Don’t Build Dependence on Each Other

This can be difficult for some people, but if you want a relationship to last, you can’t attach yourself to a person right away.
It’s imperative that you maintain some semblance of independence to keep a little bit of a buffer between you two.
This will be crucial if things don’t wind up working out in the end, but it will also make it easier to be together for a longer period.
No matter what, eventually you will need some space and alone time, so if you build that into your relationship from the beginning, then it’s much easier to maintain it.
If you are codependent and then try to pull apart a little, it may seem like you’re trying to end things, when really you just want some time to yourself.

Talk Through Your Issues Immediately

Typically, when couples are mad at each other, they tend to close themselves up and avoid confrontation until things boil over.
This is not a good way to resolve problems, and it could lead to bigger issues down the road.
Thus, it’s essential that you and your partner talk things out from the start so that you can build a foundation of trust and communication.
This is also true for little things.
Usually, when in a new relationship we will ignore small annoyances because we are still excited about everything being “new.”
However, doing this will only serve to make it harder to address the problem later on.
Thus, you want to call attention to these things as soon as possible.
As long as you do it the right way, it shouldn’t be that big of a deal to address.
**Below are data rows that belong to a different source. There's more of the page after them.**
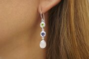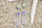 ペリドットとアイオライトとローズクオーツのシルバーピアス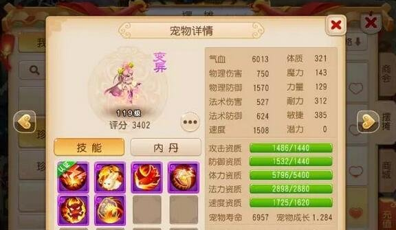 蓝色纹饰的属性中物理攻击和法术攻击相信大家肯定不会选,至于速度和气血两个属性灵儿认为都不错。因为我们可以通过调整宠物的属性点来平衡属性,在保证宝宝能够配速的前提下,把多余的属性点加到体质上就行。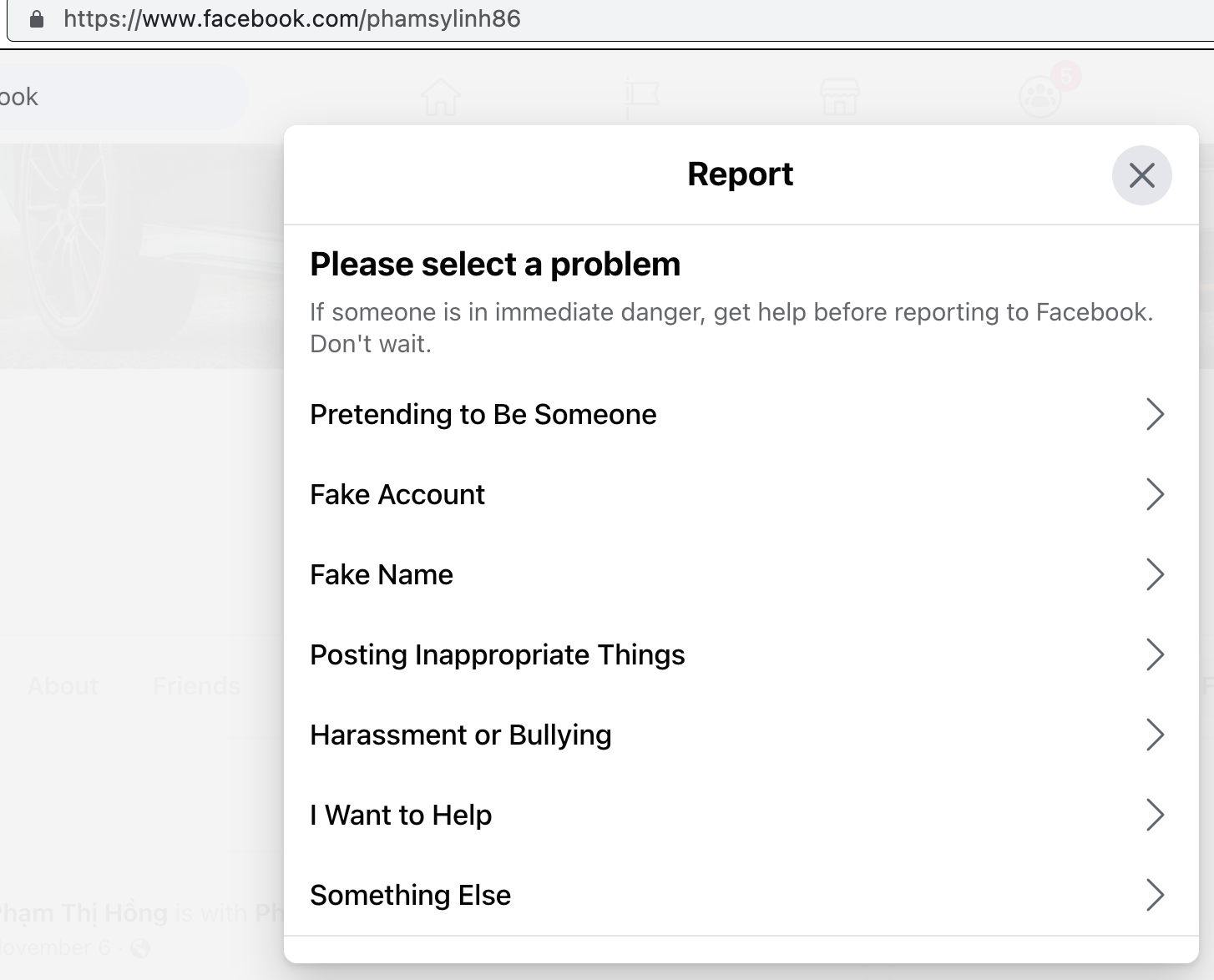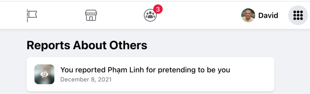I found a link on Phạm Linh’s profile to report a suspicious account, so I clicked it. There was no option to provide supporting details. I could only click Pretending to Be Someone Else (among other options) and then click Submit. I did and waited a few hours. Sure enough, Facebook replied that this person’s profile does not appear to violate their “community standards.” And since his profile says he’s one of their own and making that claim doesn’t violate their standards, then I must accept that as Facebook admission that Phạm Linh is indeed their own employee. I tried again a day later using a different violation from their list (Harassment). Same result.

Don’t Bring Past Baggage Into the Relationship

If you’ve been hurt before (especially if it’s been more than once), you will most likely draw comparisons between your new partner and your ex.
However, this is a dangerous road to go down, because it’s unfair to your current SO.
Unless he or she has given you reasons to think that things will be the same as a previous relationship, you should offer a clean slate.
This can be a challenge for some people, but if you can talk it out with your partner, then there is a much higher chance that you can work through it together.
Let him or her know your past and acknowledge the fact that it might affect your ability to open up.
As long as you’re upfront and willing to work on removing your baggage, it shouldn’t be that much of a problem.

Be Sure to Set Boundaries

You may be the type of person who loves a bit of PDA.
However, if your partner doesn’t share the same sentiment, then it’s crucial that you respect his or her feelings on the matter.
Overall, it’s imperative that you are both honest about where you draw the line and how far you’re willing to go with each other in a variety of situations.
We don’t expect you to discuss every possible scenario right away, but it’s good to set some ground rules before moving forward.
This will help avoid a lot of confrontation later on.

Bottom Line

If you’ve been in bad relationships before, use them as a learning tool to help you make your next one better.
These are excellent guidelines to follow, but think about what you wish you would have done with past partners and try it with your new SO.
The most critical thing that you can do is be honest with yourself about what you want from your relationship, and communicate your feelings as quickly and openly as possible.
This will prevent a lot of issues as you move forward.